Once you see the notion of vector bundle, next thing you want to see are examples of non trivial vector bundles.
Here, I want to collect such examples with justification of one or two lines saying why this vector bundle is non trivial.
Please add one per answer.
On
A very important case of vector bundle is the tangent bundle $TM$, the disjoint union of all of the tangent spaces of a manifold. It being trivial is equivalent to $n(=\dim(M))$ linearly indipendent vector fields on the manifold (that is, $n$ sections of the tangent bundle).
The question if a manifold is parallel is not easy (for references, go here) :
For $S^2$ this is not true, and it's a consequence of the famous hairy ball theorem.
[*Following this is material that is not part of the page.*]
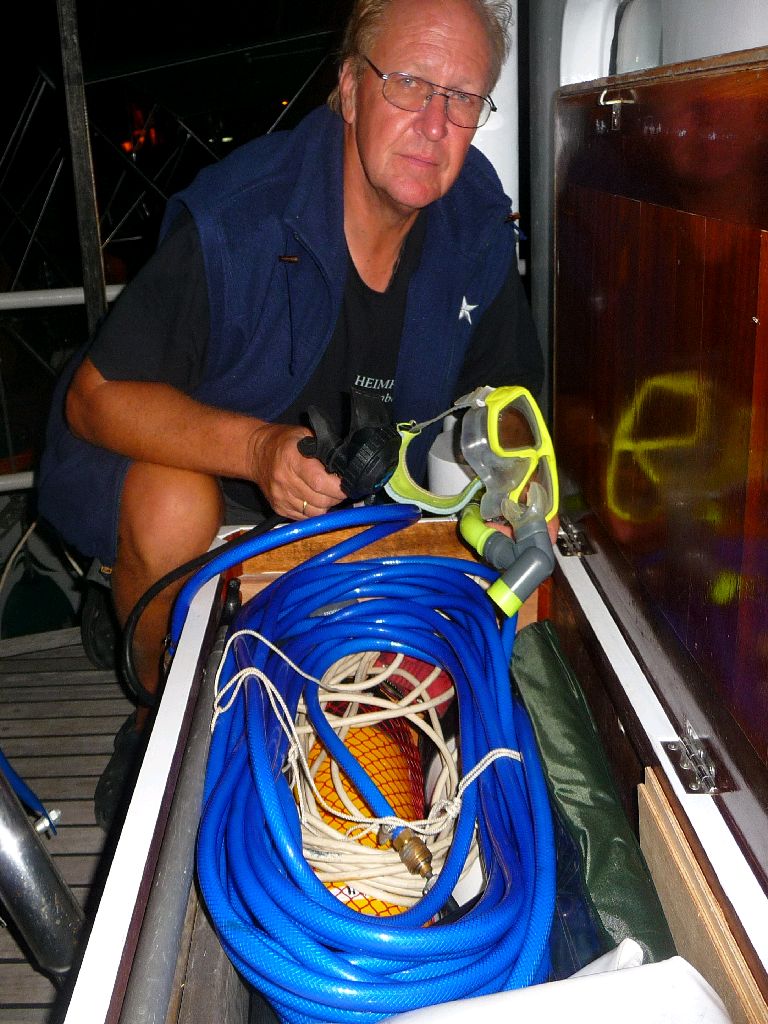 Tauchgerät mit Schlauch. In der Backskiste hinter dem Ruderhaus haben wir eine Tauchflasche, an die ein etwa 15 m langer Schlauch angeschlossen ist. Tatsächlich ist es ein Gartenschlauch aus dem Baumarkt. Besser sind die Schläuche aus dem Tauchshop. Wir haben ihn zwischen die erste und zweite Stufe des Atemreglers montiert. Wenn Heimkehr etwas in der Schraube hat, was da nicht hingehört, bin ich wenn’s sein muss, in einer Minute dort und kann mit Pressluft lange arbeiten. Leni dreht oben auf und fertig. Auch zum Bauchschrubben (Schiffsbauch) hat sich dieses einfache System bestens bewährt. Übrigens, Leni und ich sind beide ausgebildete Taucher. Bei der Arbeit unter dem Schiff sind wir nie tiefer als 2 m. Sea u Bert
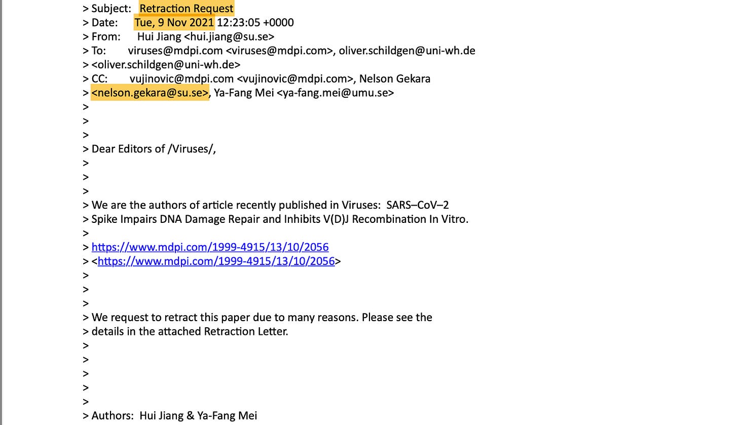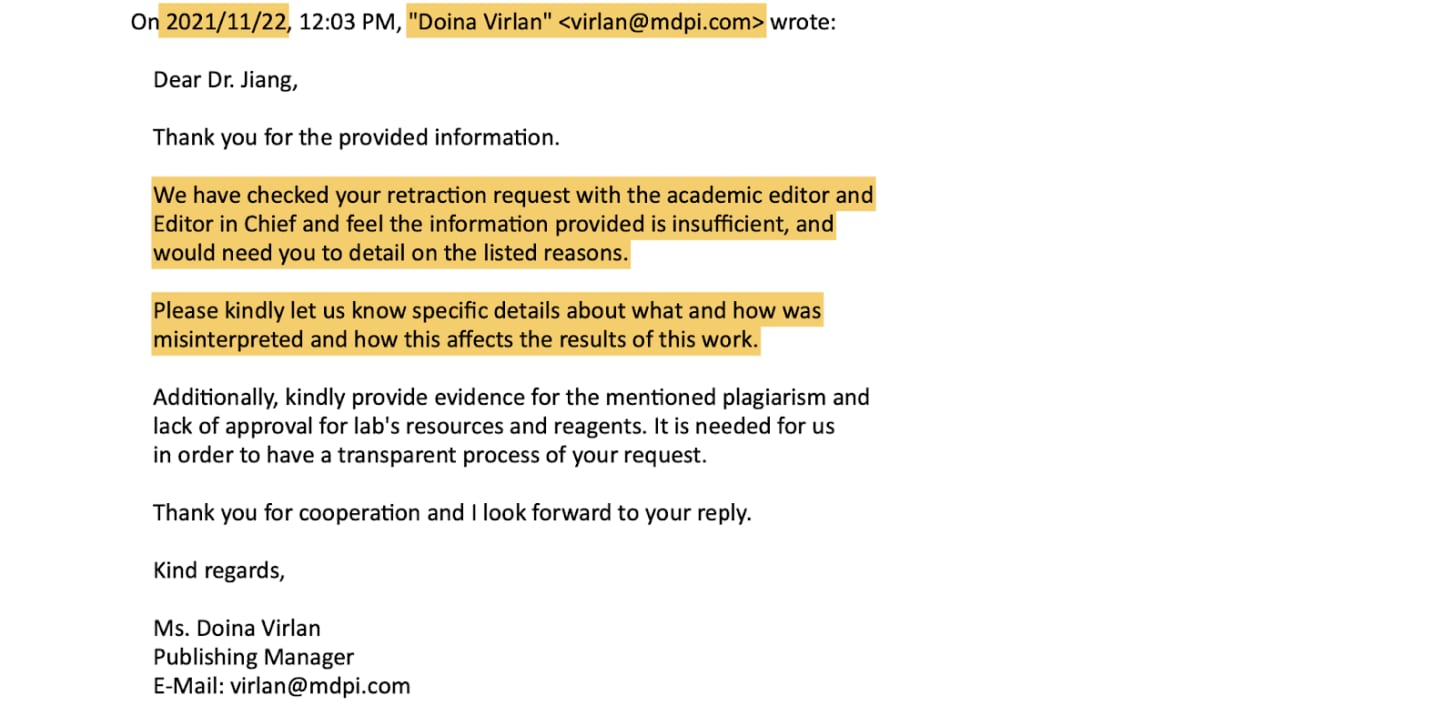 Under FOIA, I was able to obtain a copy of Jiang’s letter requesting retraction of his paper, which he emailed to the journal on 9 November 2021. This is the letter that MDPI Academic Editor Oliver Schildgen described as “rather generic.”

For the n-sphere in general, the only parallelizable $S^n$ are for $n=0,1,3,7$, that is to say:
$TS^n$ is non trivial for every $n\neq 0,1,3,7$
For very short and self contained proof of the Hairy ball theorem (and of a little more actually) by Milnor, click here
For the general result on parallelizable sphere, the original work can be found here
For references, look up this Wikipedia page
On
Given a map $f:S^{k-1} \to GL(n)$, construct a rank-$n$ bundle $\xi_f \to S^k$ by attaching the trivial bundles $\theta^n_+, \theta^n_-$ over the two hemispheres $S^k_+, S^k_-$ by $f$. This map (the "clutching construction") actually gives a bijection between $\pi_{k-1}(GL(n))$ and vector bundles (up to isomorphism) over $S^k$. Proving the latter is fact is mostly a matter of unwinding the definition, noting that any bundle over a contractible space (e.g., each hemisphere) is trivial. Like most of algebraic topology, proving that a particular bundle usually involves showing that certain invariants of it (e.g., the Euler class) are nontrivial, rather than trying to prove anything directly.
On
You get an example for every non-orientable smooth manifold $M$:
A smooth $n$-dimensional manifold $M$ is orientable iff there exists a nowhere vanishing $n$-form i.e. a nowhere vanishing section of the bundle $\Lambda^n(T^*M)$ whose fiber at $p$ is the vectorspace of all multlinear alternating maps from $(T_pM)^n$ to $\mathbb R$. Since this bundle is 1-dimensional the existence of a nowhere vanishing section is equivalent to the trviality of the bundle.
As an example if $n$ is even then $\mathbb{RP^n}$ is not orientable. The reason :
Any $n$-form $\omega$ on $\mathbb{RP^n}$ can be pulledback to a $n$-form $\bar\omega$ on $S^n$ via the quotient map $q:S^n\rightarrow\mathbb{RP^n}$. Then after identifying $TS^n\subset S^n\times\mathbb{R^{n+1}}$ there is $f\in C^\infty(S^n)$ such that $\bar\omega_p(X_1,...,X_n)=f(p)\det(X_1,...,X_n,p)$. As $q$ cannot distinguish antipodal points $\bar\omega_{p}(X_1,...,X_n)=\bar\omega_{-p}(-X_1,...,-X_n)$. In particular setting $X_i=e_i$, $p=e_{n+1}$ yields $f(-p)=-f(p)$ so as $S^n$ is connected $f$ has a zero so $\bar\omega$ vanishes somewhere and hence so does $\omega$.
The usual example is the Möbius bundle. Let $X = [0,1]\times\mathbb{R}$, and define an equivalence relation $\sim$ where $(0,y)\sim(1,-y)$. Let $E = X/\sim$ be our total space and let $M = [0,1]$. Then a vector bundle $\pi:E \rightarrow M$ is given by $[(x,y)] \mapsto x$.
Edit to give a justification: if $E$ were trivial, then it would admit a smooth global frame, or a non-vanishing, smooth, global section. This would amount to a nonvanishing function $f : [0,1] \mapsto \mathbb{R}$ with $f(0) = -f(1)$, which can't exist according to the intermediate value theorem.